Almost imperceptibly, each person takes one step backward. Then, looking at either the big screen or a wallet-size plastic card hanging from their waists, they introduce themselves to one another by first name and proceed through a nine-step “Pre-Induction Verification” checklist that ensures they’ve got the right patient, know his condition and any allergies, understand the medications the anesthesiologist will use, and have any special equipment they might need. When everyone is finished introducing themselves and all the questions are answered—the whole process takes about three minutes—the time-out ends and the young anesthesia resident cracks open supplies from sealed pouches to begin to put the patient, already partly sedated, fully to sleep. It’s not easy. The patient’s jaw is in such dreadful condition, the resident must intubate him through the nose instead of the mouth, which proves vexing. Tremper, who has the long, slender fingers of a pianist, steps in and steers the tube into the nasal cavity and down the patient’s throat. Soon the patient is out, his vital signs are stable, and the surgery can begin.

Then the team steps back from the operating table once again.

Each person reviews the steps on the “Pre-Incision Time Out” card to make sure everyone is prepared. They regain their individual and collective focus. And only then does everyone step back to the operating table and the surgeon begins repairing the jaw.

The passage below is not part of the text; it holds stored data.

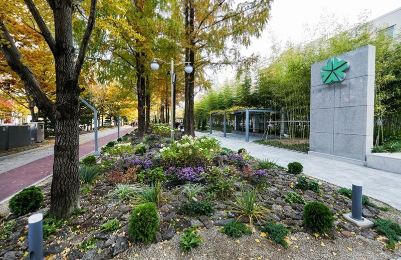 새롭게 조성된 시민애뜰은 에메랄드그린, 블루엔젤 등 다양한 수목과 수국 등 계절별 화단이 어우러져 사계절 내내 변화하는 경관을 선보인다.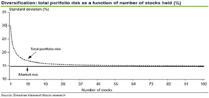 Isso é até instintivo de pensar, você acha mais arriscado uma carteira que tem 10 ações de petroleiras ou uma carteira que tem uma petroleira, uma mineradora, uma empresa de alimentos, um banco, uma empresa de celulose, uma de tecnologia, etc… ?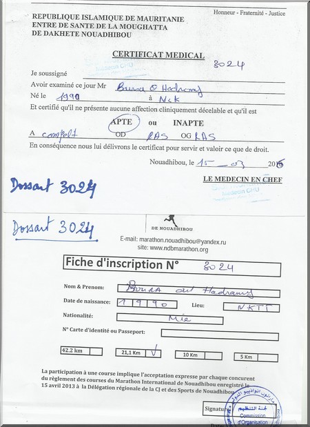 Réponse : Il y’a aussi la Direction Régionale de la Santé de Nouadhibou (DRS) surtout les médecins, infirmiers que nous remercions pour leur collaboration et leur disponibilité. Il faut le reconnaitre la DREN et la DRS travaillent avec le marathon depuis plus 5 ans. Cette collaboration a permis à notre marathon de faire courir des adolescents mauritaniens dans de bonnes conditions et de créer chez eux dès leur jeune âge la pratique et l’amour du SPORT pour leur développement et épanouissement. Nous venons de très loin et avons constaté que travailler directement avec des adolescents s’est révélé difficile et compliqué. C’est cette raison qui fait que nous souhaitons que les coordinateurs des établissements scolaires qui les connaissent, les gèrent depuis leur inscription jusqu’aux bus qui les retournent aux établissements scolaires de Cansado et des quartiers éloignés à la fin des courses (voir le dossier du dossard 3024 et la 1ére page de la lycée Ndb 1).
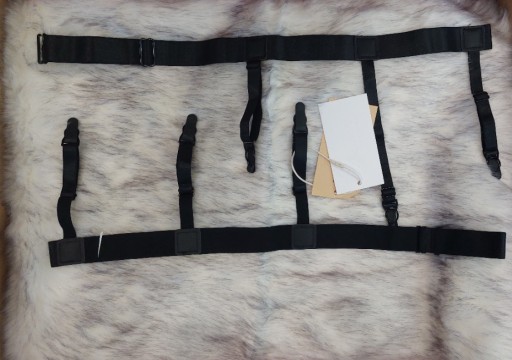 Szelki zakłada się na uda. Na każdej nodze znajdują się trzy paski zakończone uchwytami do koszuli, sposób mocowania "klips" . Mocowanie produktu jest bardzo proste i można je wykonać samodzielnie.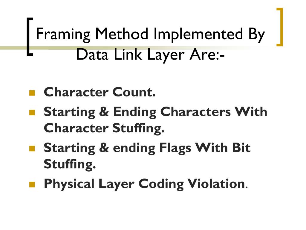 Framing Method Implemented By Data Link Layer Are:- • Character Count. • Starting & Ending Characters With Character Stuffing. • Starting & ending Flags With Bit Stuffing. • Physical Layer Coding Violation.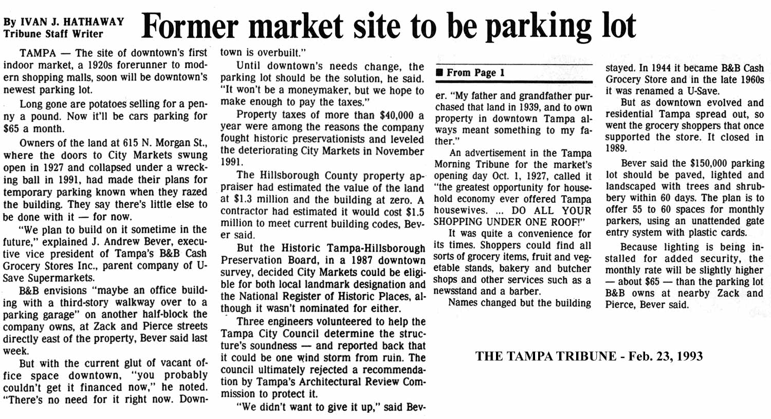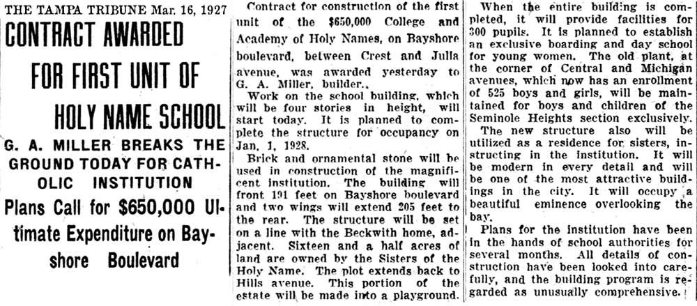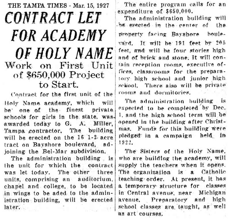 academy was awarded to G. A. Miller, a Tampa contractor, for $650k. This

I call time-outs like these “vigilance breaks”—brief pauses before high-stakes encounters to review instructions and guard against error. Vigilance breaks have gone a long way in preventing the University of Michigan Medical Center from transmogrifying into the Hospital of Doom during the afternoon trough. Tremper says that in the time since he implemented these breaks, the quality of care has risen, complications have declined, and both doctors and patients are more at ease.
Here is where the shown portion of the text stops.